[
https://issues.apache.org/jira/browse/TEZ-3491?page=com.atlassian.jira.plugin.system.issuetabpanels:comment-tabpanel&focusedCommentId=15654981#comment-15654981
]
Siddharth Seth commented on TEZ-3491:
-------------------------------------
Got it. Wondering if it would help to go back to the behaviour where vertices
at the same level generate the same priority - if they have similar container
requests. I think that minimizes the chances of hitting this. Like you pointed
out, it is still possible if a vertex at a lower priority ends up starting
before a vertex at a higher priority, on a parallel branch.
With the changed priority model, there's the additional change that the
scheduler will try finishing tasks for a certain vertex, instead of randomly
allocating tasks across vertices at the same level. That was a change we wanted
to achieve - via different means though.
bq. I was thinking we should treat newly allocated containers like the
non-reuse case when they arrive, i.e.: we lookup task requests at the
container's priority and assign them even if they aren't the highest priority.

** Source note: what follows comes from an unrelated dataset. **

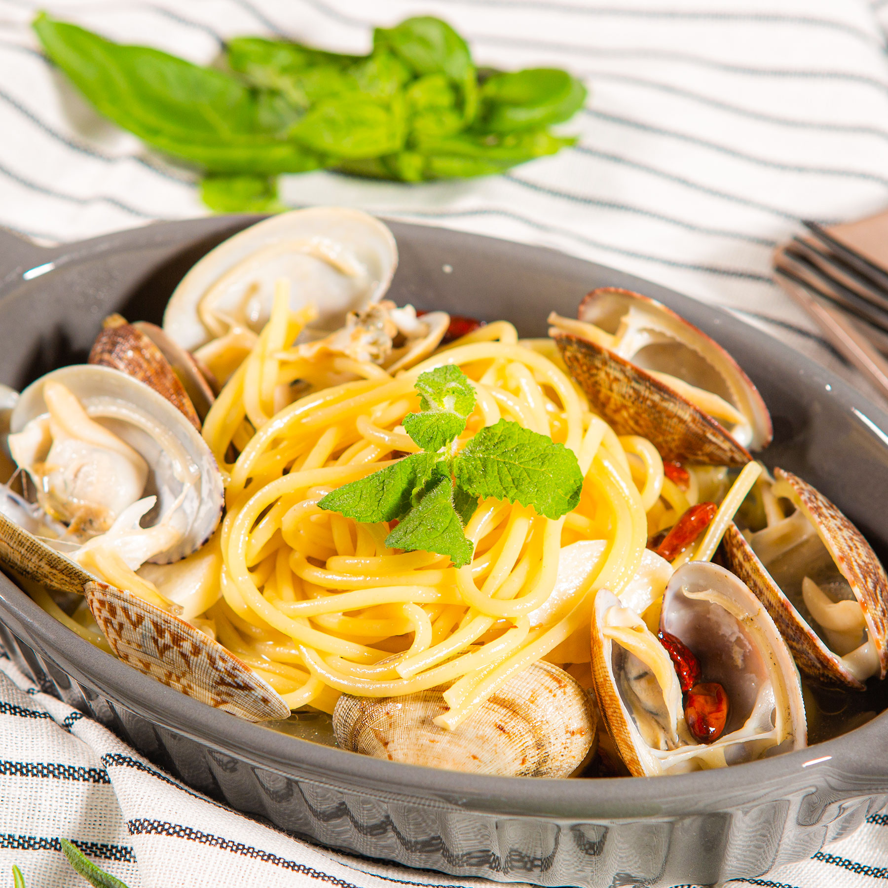 쫄깃한 바지락을 가득 넣은 시원한 파스타

This would result in preemption if containers are not available for tasks at a
higher priority level, correct? Makes sense to me - it's better than holding on
to them and doing nothing.
I'd prefer ignoring priorities while assigning containers. Track situations
where this happen, or check the pending request table to see if requests are
outstanding with YARN - and make additional requests. Do you think that will
work?
> Tez job can hang due to container priority inversion
> ----------------------------------------------------
>
> Key: TEZ-3491
> URL: https://issues.apache.org/jira/browse/TEZ-3491
> Project: Apache Tez
> Issue Type: Bug
> Affects Versions: 0.7.1
> Reporter: Jason Lowe
> Assignee: Jason Lowe
> Priority: Critical
> Fix For: 0.9.0, 0.8.5
>
> Attachments: TEZ-3491.001.patch
>
>
> If the Tez AM receives containers at a lower priority than the highest
> priority task being requested then it fails to assign the container to any
> task. In addition if the container is new then it refuses to release it if
> there are any pending tasks. If it takes too long for the higher priority
> requests to be fulfilled (e.g.: the lower priority containers are filling the
> queue) then eventually YARN will expire the unused lower priority containers
> since they were never launched. The Tez AM then never re-requests these
> lower priority containers and the job hangs because the AM is waiting for
> containers from the RM that the RM already sent and expired.